Actually, at first I just wanted to have a sample costume made. So, actually, I did not plan to use this particularly colour or fabric. I had gone to the seamstress and seen the fabric and thought that would be a good fit for the streets.

Right. You are always very serious. So then are you trying to infect people with your seriousness?
This is complicated. I’m not sure if you understand. What I’m trying to infect in people is my current state, my various emotions, my individual state of being. I then use this emotion to spread it, it being something in another language, but to me it is very deliberate I think, for example, when I’m in costume.

I don’t quite understand what you’re trying to say.
Like with Kuso Orange Flower 1, I throw flowers and colours. I am using a common and familiar language. For example, I also use martial arts postures to express myself. I can shoot out flowers and rainbows. These are not things we can do in real life. It’s impossible. It’s just to amuse. It’s just to relax people.

So you are using this introduction to support your non-threatening costume, to lessen the tension people might feel when they see you.
That’s about right.

So, here, I see that the girls in the shop you enter actually do not know you. They actually looked a bit scared.

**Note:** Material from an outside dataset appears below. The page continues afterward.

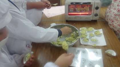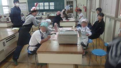 今日、なかよし学級合同で「なかよしクッキング」が行われ、みんなでスイートポテトを作りました。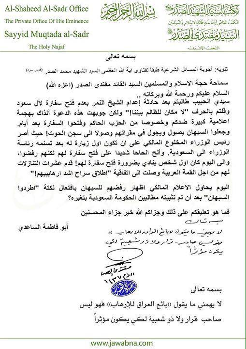 وقال الصدر في رد على سؤال حول موقف المالكي "المتناقض" من السعودية قبل وبعد خروجه من رئاسة الحكومة "لا يهمني مايقول [بائع العراق للأرهاب] فهو ليس صاحب قرار ولا ذو شعبية لكي يكون مؤثراً".

Can you tell me, since you took your performance from Taiwan, to China then to Korea, what you think is the difference between these locations in the way people reacted to you?
The Korean audience were the most passionate. They thought it was fun. They even touched me. The Taiwanese just ignored me. Children might come up to me and pull at my costume. And in China, they were very curious, but they just thought that I was filming an ad.

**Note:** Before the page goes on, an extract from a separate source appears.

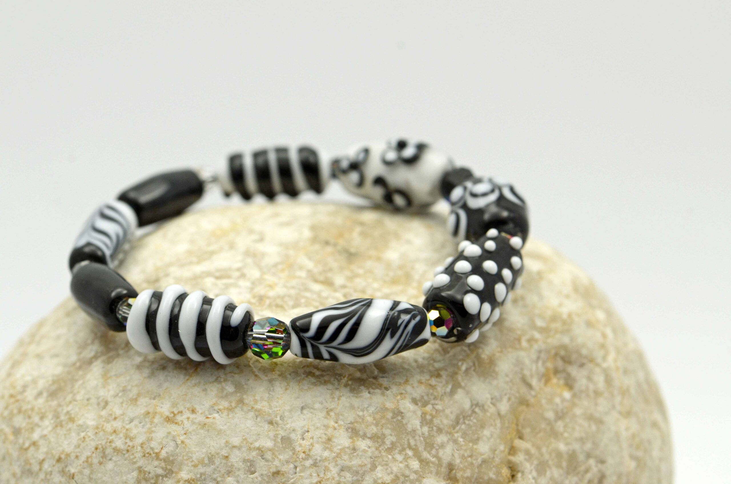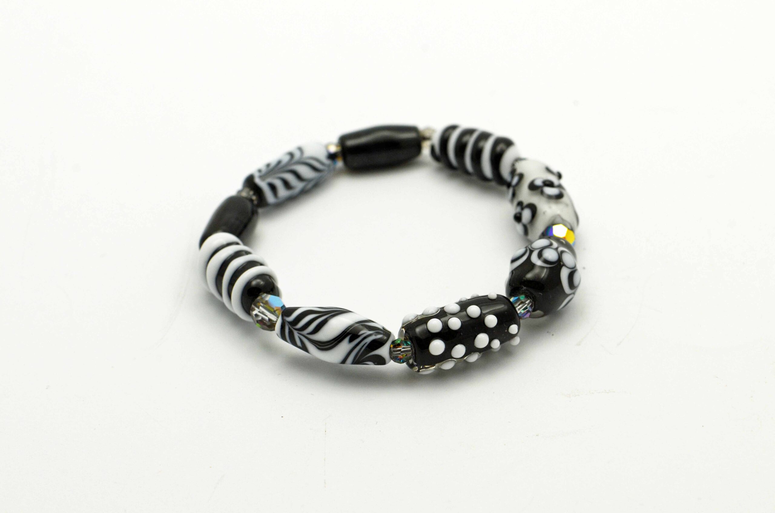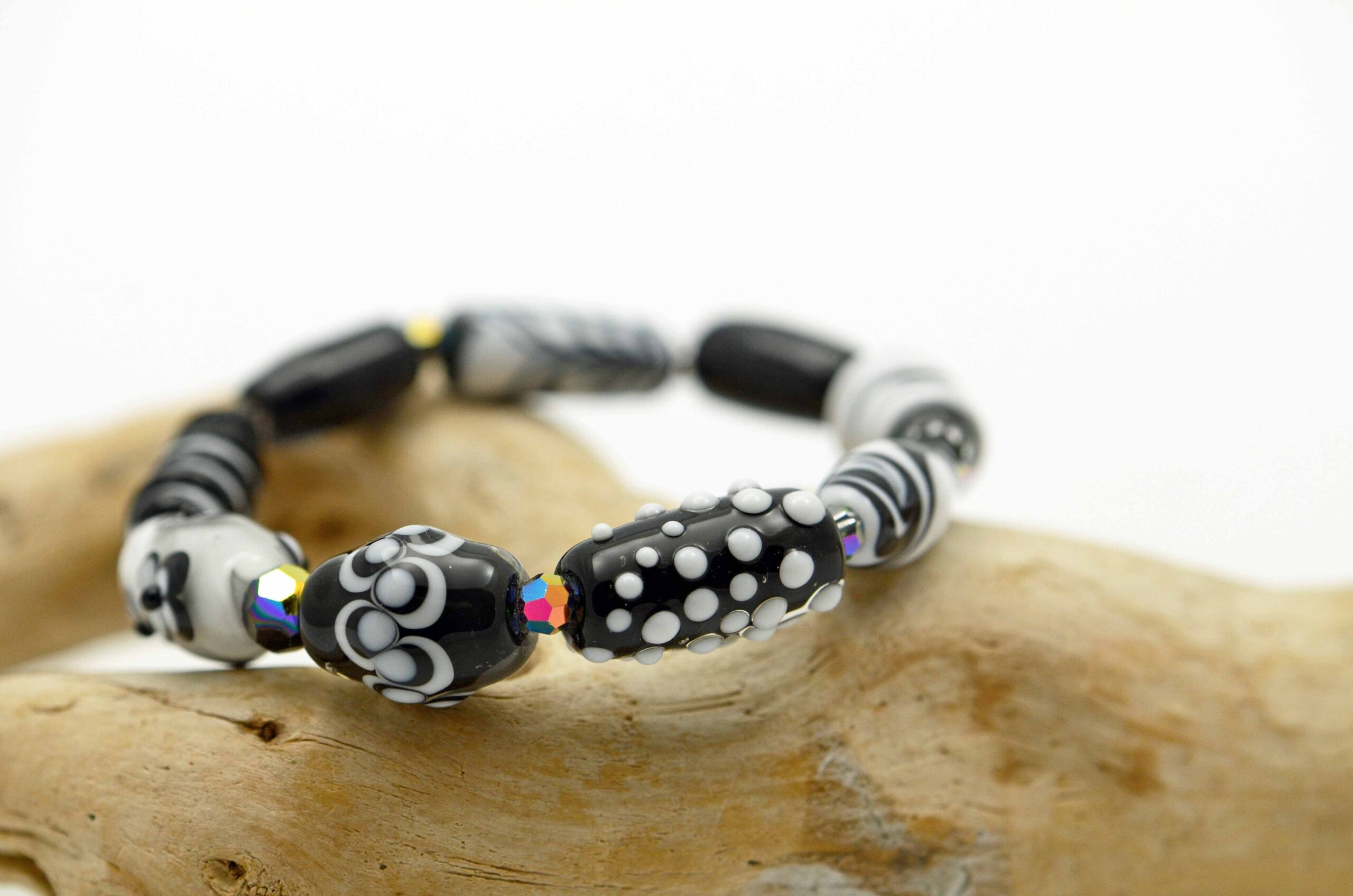 Náramek s devíti ručně vinutými korálky různých tvarů v černobílé barevné kombinaci na gumové pružence. Mezi vinutkami jsou korálky Swarovski.

Interesting. So in China, they think that your performance has got to do with the media, advertising. In Korea they played with you. They are more interactive. And in Taiwan they thought you were perhaps insane. Where did you enjoy performing your piece most?
The Koreans were the most interesting.

So you like that people interact with you then. Do you think that performance art requires audience participation?
I think that people and art are separated by quite a far distance. But when I walk out on the street, I am an artist and I speak an artistic language. This is very different from if they were to watch my video work at a gallery. The feeling would not be the same.